DATA SUPPLIED:
━━━━━━━━━━━━━━━━

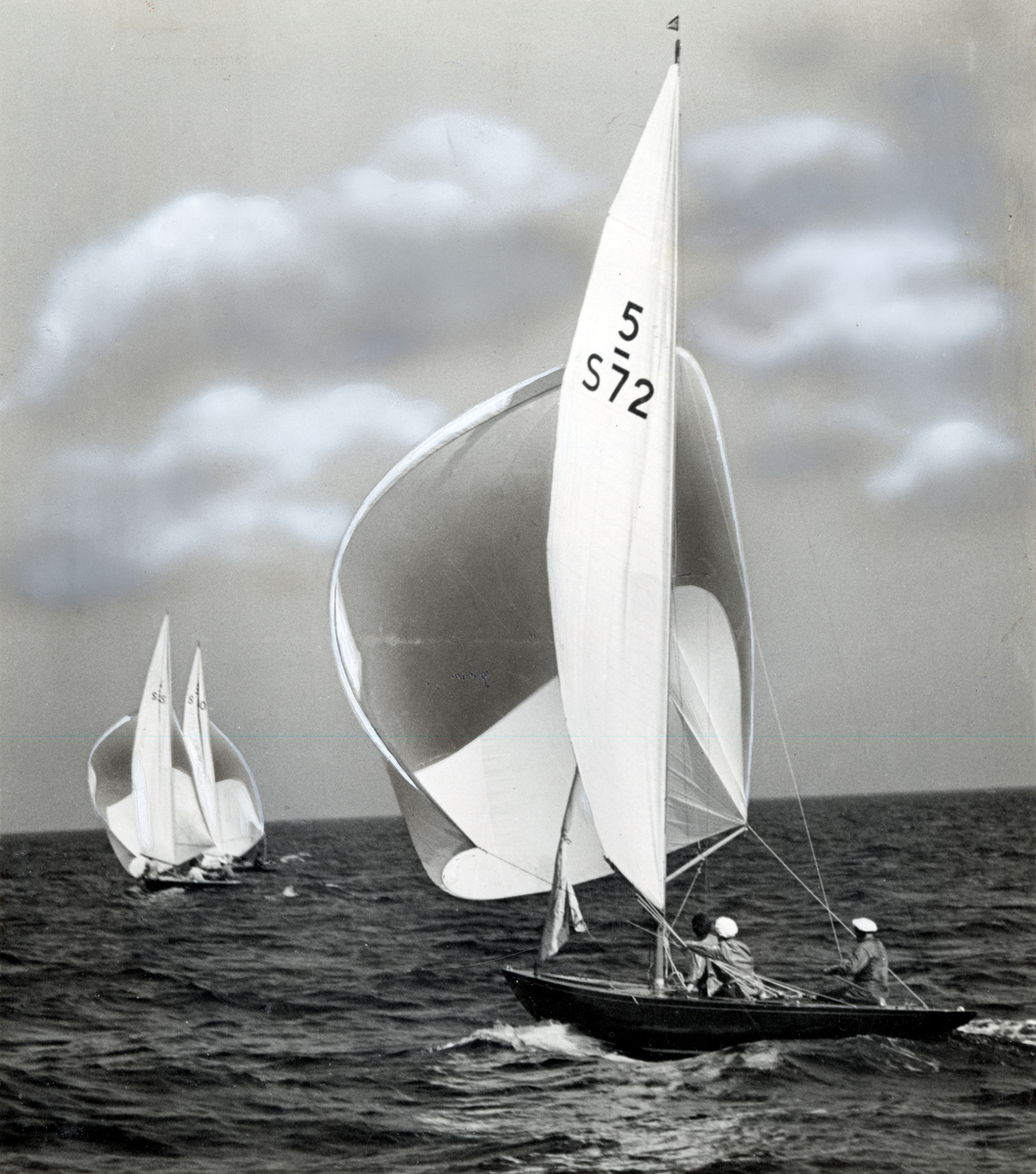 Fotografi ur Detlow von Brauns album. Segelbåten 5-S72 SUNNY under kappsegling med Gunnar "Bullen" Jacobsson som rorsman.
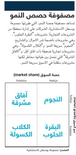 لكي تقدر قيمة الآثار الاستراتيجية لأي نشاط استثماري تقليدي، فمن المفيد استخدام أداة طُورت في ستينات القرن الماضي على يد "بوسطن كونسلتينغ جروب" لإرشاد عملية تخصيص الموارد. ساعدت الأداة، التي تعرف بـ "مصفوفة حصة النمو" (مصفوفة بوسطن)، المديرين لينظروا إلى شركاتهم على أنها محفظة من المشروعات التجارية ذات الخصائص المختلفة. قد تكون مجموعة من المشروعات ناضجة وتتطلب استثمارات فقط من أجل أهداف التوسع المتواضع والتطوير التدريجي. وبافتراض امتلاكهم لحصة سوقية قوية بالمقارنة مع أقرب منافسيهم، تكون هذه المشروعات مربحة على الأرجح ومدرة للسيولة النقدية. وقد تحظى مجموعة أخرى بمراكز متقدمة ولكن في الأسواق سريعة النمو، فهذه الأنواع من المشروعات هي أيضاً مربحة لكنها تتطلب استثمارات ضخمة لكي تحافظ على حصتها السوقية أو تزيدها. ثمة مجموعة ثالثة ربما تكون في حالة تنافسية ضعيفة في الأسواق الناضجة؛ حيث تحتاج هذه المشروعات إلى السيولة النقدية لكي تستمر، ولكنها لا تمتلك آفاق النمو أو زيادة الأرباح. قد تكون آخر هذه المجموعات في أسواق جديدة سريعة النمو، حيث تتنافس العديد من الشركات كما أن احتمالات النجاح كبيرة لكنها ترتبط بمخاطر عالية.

━━━━━━━━━━━━━━━━

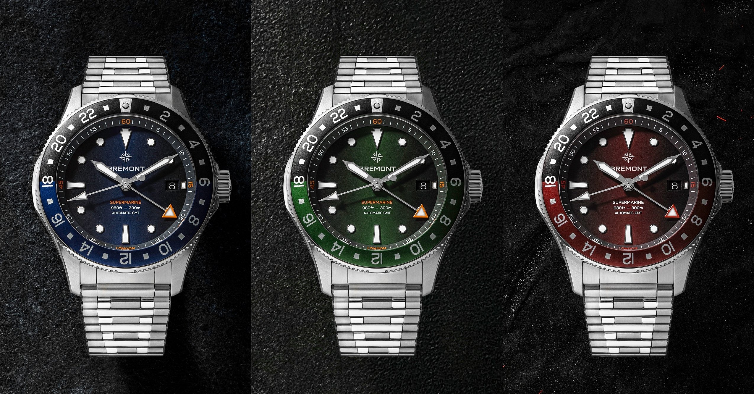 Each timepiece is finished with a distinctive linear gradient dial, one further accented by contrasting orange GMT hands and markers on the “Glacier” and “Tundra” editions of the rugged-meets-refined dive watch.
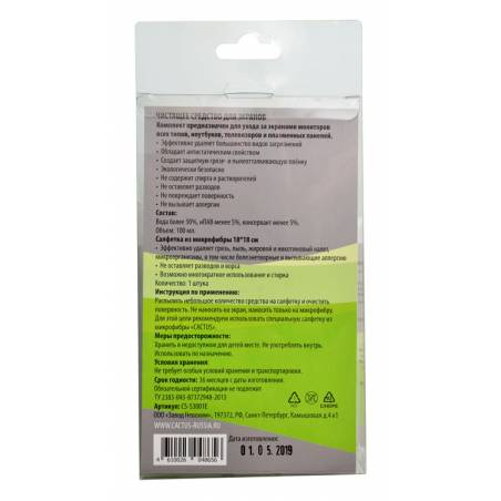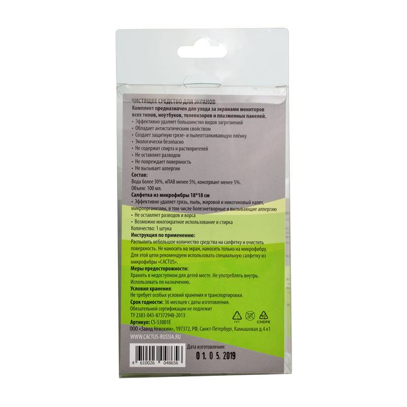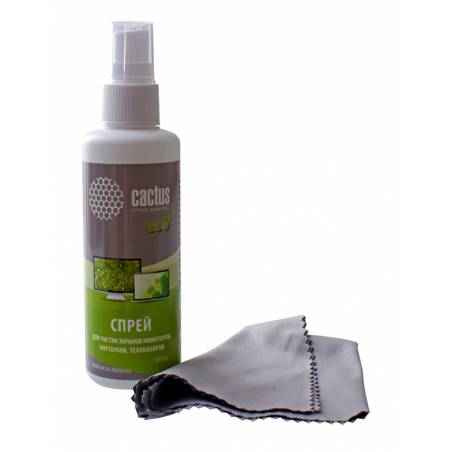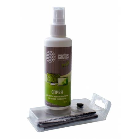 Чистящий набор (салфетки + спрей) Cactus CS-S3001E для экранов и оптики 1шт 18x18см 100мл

━━━━━━━━━━━━━━━━

HOW TO COMPLETE THIS TASK:
Output exactly the lines above, from the line with "Fotografi ur Detlow" to the line with "لكي تقدر قيمة", both included; skip the pictures.

THE ANSWER:
 Fotografi ur Detlow von Brauns album. Segelbåten 5-S72 SUNNY under kappsegling med Gunnar "Bullen" Jacobsson som rorsman.
 لكي تقدر قيمة الآثار الاستراتيجية لأي نشاط استثماري تقليدي، فمن المفيد استخدام أداة طُورت في ستينات القرن الماضي على يد "بوسطن كونسلتينغ جروب" لإرشاد عملية تخصيص الموارد. ساعدت الأداة، التي تعرف بـ "مصفوفة حصة النمو" (مصفوفة بوسطن)، المديرين لينظروا إلى شركاتهم على أنها محفظة من المشروعات التجارية ذات الخصائص المختلفة. قد تكون مجموعة من المشروعات ناضجة وتتطلب استثمارات فقط من أجل أهداف التوسع المتواضع والتطوير التدريجي. وبافتراض امتلاكهم لحصة سوقية قوية بالمقارنة مع أقرب منافسيهم، تكون هذه المشروعات مربحة على الأرجح ومدرة للسيولة النقدية. وقد تحظى مجموعة أخرى بمراكز متقدمة ولكن في الأسواق سريعة النمو، فهذه الأنواع من المشروعات هي أيضاً مربحة لكنها تتطلب استثمارات ضخمة لكي تحافظ على حصتها السوقية أو تزيدها. ثمة مجموعة ثالثة ربما تكون في حالة تنافسية ضعيفة في الأسواق الناضجة؛ حيث تحتاج هذه المشروعات إلى السيولة النقدية لكي تستمر، ولكنها لا تمتلك آفاق النمو أو زيادة الأرباح. قد تكون آخر هذه المجموعات في أسواق جديدة سريعة النمو، حيث تتنافس العديد من الشركات كما أن احتمالات النجاح كبيرة لكنها ترتبط بمخاطر عالية.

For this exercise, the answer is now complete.